A juíza responsável pela audiência de custódia de uma mãe, cujo filho de 10 anos foi encontrado trancado em um apartamento em Goiânia, declarou que não há justificativa para a situação. O menino foi resgatado na quinta-feira (9) em um prédio no Setor Faiçalville, sem água ou comida, e a defesa da mulher argumentou que ela restringiu o acesso à cozinha devido à compulsão alimentar da criança.
No vídeo da audiência, a magistrada contestou essa alegação, enfatizando que a mãe deveria, ao menos, ter deixado água para o menino, que é diabético. "Caso ela não quisesse administrar alimentos ao mesmo, ela deveria, no mínimo, ter deixado água para a criança beber. Porque água não faz nenhum tipo de mal para diabetes. Então, há apresentada não tem argumentos. Não há argumentos, não há justificativa", afirmou a juíza.
Defesa e acusação
O advogado da mãe, Danilo Rodrigues, defendeu que a mulher trancou o filho no quarto ao ir trabalhar para evitar que ele comesse em excesso, agravando seu quadro clínico. "Se deixasse a porta aberta, pela impulsividade que ele tem alimentar, que também está diagnosticada, ele não tem limites para parar de comer. Talvez agravaria ainda mais a situação dele", disse Rodrigues.

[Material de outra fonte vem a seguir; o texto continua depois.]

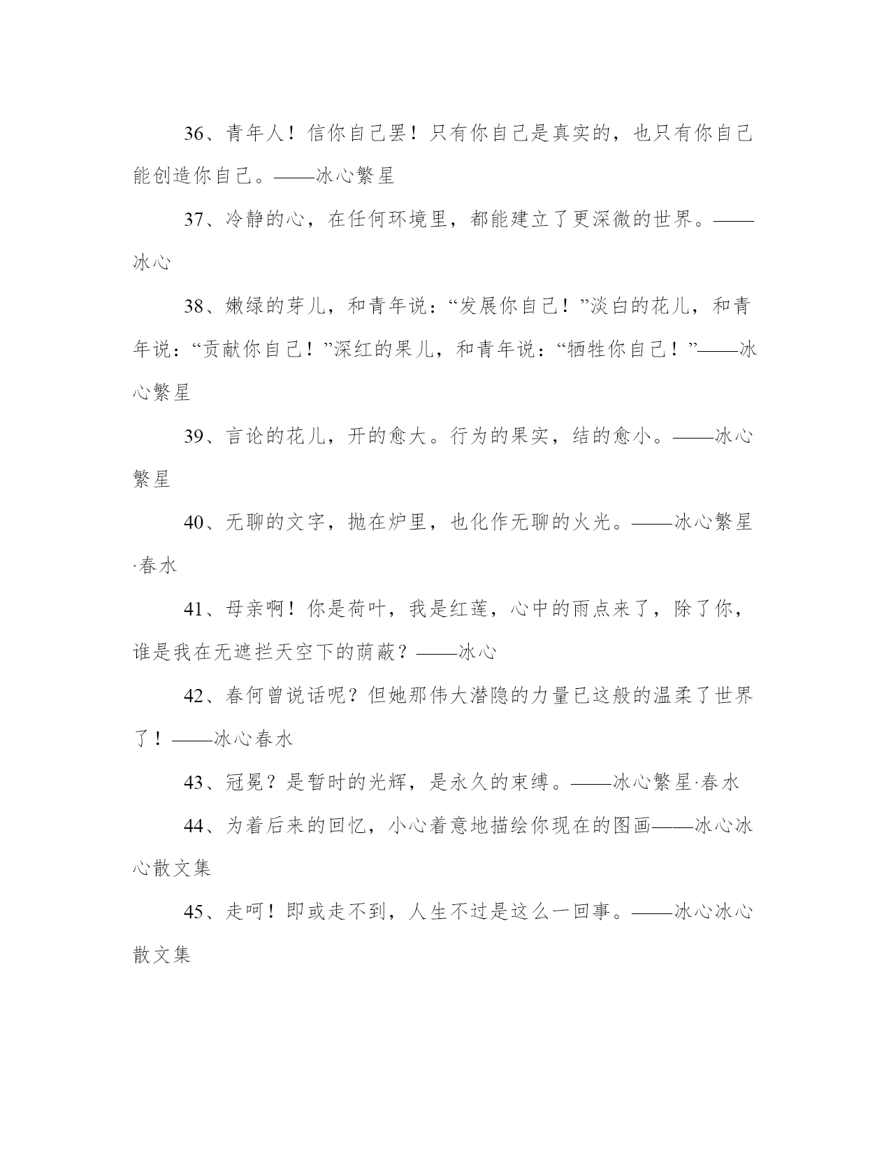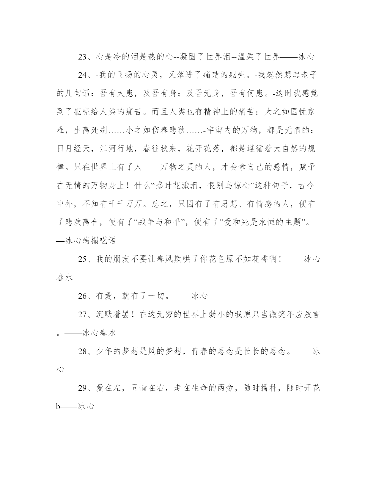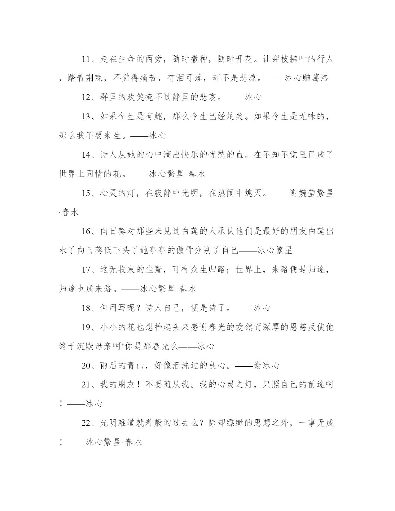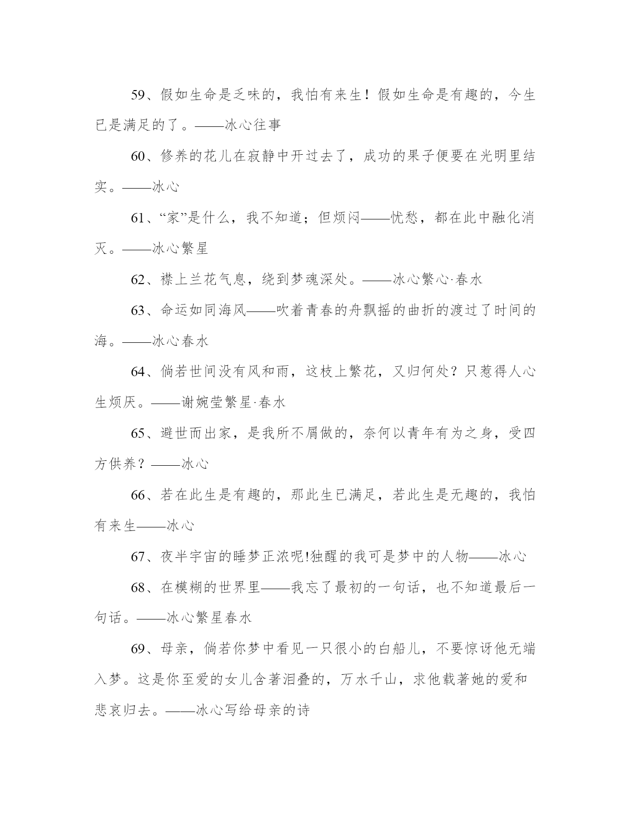 有关冰心的名言集锦关于冰心的名言1、我自己是凡人,我只求凡人的幸福——冰心2、星星——只能白了青年人的发,不能灰了青年人的心。——冰心繁星·春水3、母亲呵!这零碎的篇儿,你能看一看么?这些字,在没有我以前,已隐藏在你的心怀里。——冰心繁星·春水4、人类呵!相爱罢,我们都是长行的旅客,向着同一的归宿。——冰心繁星·春水5、西山呵!别了!我不忍离开你,但我苦忆我的母亲。——冰心繁星·春水6、轨道旁的花儿和石子!只这一秒的时间里我和你是无限之生中的偶遇也是无限之生中的永别再来时万千同类中何处更寻你——冰心7、繁星闪烁着——深蓝的天空,何曾听得见他们对话?沉默中,微光里,他们深深的互相颂赞了。——冰心繁星·春水8、夜中的雨,丝丝的织就了诗人的情绪。——冰心繁星·春水9、愿你的生命有够多的云翳,造成一个美丽的黄昏。——冰心冰心散文集10、无希望的永古不失望,不希翼那不可希翼的,永古无悲哀。——冰心往事11、走在生命的两旁,随时撒种,随时开花。让穿枝拂叶的行人,踏着荆棘,不觉得痛苦,有泪可落,却不是悲凉。——冰心赠葛洛12、群里的欢笑掩不过静里的悲哀。——冰心13、如果今生是有趣,那么今生已经足矣。如果今生是无味的,那么我不要来生。——冰心14、诗人从她的心中滴出快乐的忧愁的血。在不知不觉里已成了世界上同情的花。——冰心繁星·春水15、心灵的灯,在寂静中光明,在热闹中熄灭。——谢婉莹繁星·春水16、向日葵对那些未见过白莲的人承认他们是最好的朋友白莲出水了向日葵低下头了她亭亭的傲骨分别了自己——冰心繁星17、这无收束的尘寰,可有众生归路;世界上,来路便是归途,归途也成来路。——冰心繁星·春水18、何用写呢?诗人自己,便是诗了。——冰心19、小小的花也想抬起头来感谢春光的爱然而深厚的恩慈反使他终于沉默母亲呵!你是那春光么——冰心20、雨后的青山,好像泪洗过的良心。——谢冰心21、我的朋友!不要随从我。我的心灵之灯,只照自己的前途呵!——冰心22、光阴难道就着般的过去么?除却缥缈的思想之外,一事无成!——冰心繁星·春水23、心是冷的泪是热的心--凝固了世界泪--温柔了世界——冰心24、-我的飞扬的心灵,又落进了痛楚的躯壳。-我忽然想起老子的几句话:吾有大患,及吾有身;及吾无身,吾有何患。-这时我感觉到了躯壳给人类的痛苦。而且人类也有精神上的痛苦:大之如国忧家难,生离死别……小之如伤春悲秋……-宇宙内的万物,都是无情的:日月经天,江河行地,春往秋来,花开花落,都是遵循着大自然的规律。只在世界上有了人——万物之灵的人,才会拿自己的感情,赋予在无情的万物身上!什么“感时花溅泪,恨别鸟惊心”这种句子,古今中外,不知有千千万万。总之,只因有了有思想、有情感的人,便有了悲欢离合,便有了“战争与和平”,便有了“爱和死是永恒的主题”。——冰心病榻呓语25、我的朋友不要让春风欺哄了你花色原不如花香啊!——冰心春水26、有爱,就有了一切。——冰心27、沉默着罢!在这无穷的世界上弱小的我原只当微笑不应放言。——冰心春水28、少年的梦想是风的梦想,青春的思念是长长的思念。——冰心29、爱在左,同情在右,走在生命的两旁,随时播种,随时开花b——冰心30、弱小的草呵!骄傲些罢,只有你普遍的装点了世界。——冰心繁星31、人从枝上折下花来,供在瓶里。到了结果的时候,却对着空枝叹息。——冰心繁心·春水32、记忆是时间停留在过去的影子。为了未来的记忆,请着手你现在的画。——冰心33、照着镜子,看着,究竟镜子里的那个人,是不是我。这是一个疑问!在课室里听讲的我,在院子里和同学们走着谈着的我,从早到晚,和世界周旋的我,众人所公认以为是我的:究竟那是否真是我,也是一个疑问!众人目中口中的我,和我自己心中的我,是否同为一我,也是一个疑问!清夜独坐的我,晓梦初醒的我,一年三百六十五天之中偶然有一分钟一秒钟感到不能言说的境象和思想的我,与课室里上课的我,和世界周旋的我,是否同为一我,也是一个疑问。这疑问永远是疑问!这两个我,永远不能分析。既没有希望分析他,便须希望联合他。周旋世界的我呵!在纷扰烦虑的时候,请莫忘却清夜独坐的我!——冰心34、时间现在的我太对不住你么然而我所抛撇的是暂时的我所寻求的是永远的——冰心35、我的心,孤舟似的,穿过了起伏不定的时间的海。——冰心繁星·春水36、青年人!信你自己罢!只有你自己是真实的,也只有你自己能创造你自己。——冰心繁星37、冷静的心,在任何环境里,都能建立了更深微的世界。——冰心38、嫩绿的芽儿,和青年说:“发展你自己!”淡白的花儿,和青年说:“贡献你自己!”深红的果儿,和青年说:“牺牲你自己!”——冰心繁星39、言论的花儿,开的愈大。行为的果实,结的愈小。——冰心繁星

A mãe responde pelo crime de abandono de incapaz, e a Polícia Civil investiga também a possibilidade de maus-tratos. A juíza optou por manter a prisão da mulher após considerar insuficientes as justificativas apresentadas por sua defesa.
Estado de saúde do menino
Após ser resgatado, o menino foi internado na Unidade de Terapia Intensiva (UTI) do Hospital Estadual da Criança e do Adolescente (Hecad). O conselheiro tutelar José Roberto Silva informou que a criança estava debilitada, com a glicemia acima de 500. Após quatro dias de internação, o menino recebeu alta na tarde de segunda-feira (13), com a glicemia estabilizada.
José também mencionou que, após a alta, a criança foi encaminhada à casa da avó materna, que ficará responsável pelos cuidados enquanto o caso é analisado pela Justiça.
Contexto do resgate
O menino foi encontrado em uma situação alarmante, trancado em um quarto, sem acesso a alimentos ou água, utilizando uma garrafa pet para suas necessidades fisiológicas. Durante o resgate, ele relatou aos conselheiros tutelares que a mãe o deixava trancado todas as noites enquanto trabalhava. A situação chamou a atenção de vizinhos, que relataram ter ouvido o menino pedindo socorro.
A vendedora Loiana Kelly Brito testemunhou episódios de agressão e afirmou que o menino frequentemente gritava por ajuda pela janela. O síndico do prédio, Carlos Eduardo Freitas, expressou sua preocupação ao ver a criança interagindo com outras crianças enquanto estava preso dentro do apartamento.
O delegado Eduardo Carrara destacou a gravidade da situação, mencionando que a criança estava privada de alimentos e de um ambiente seguro para suas necessidades. Após o resgate, o menino declarou: "Eu espero ter uma vida melhor".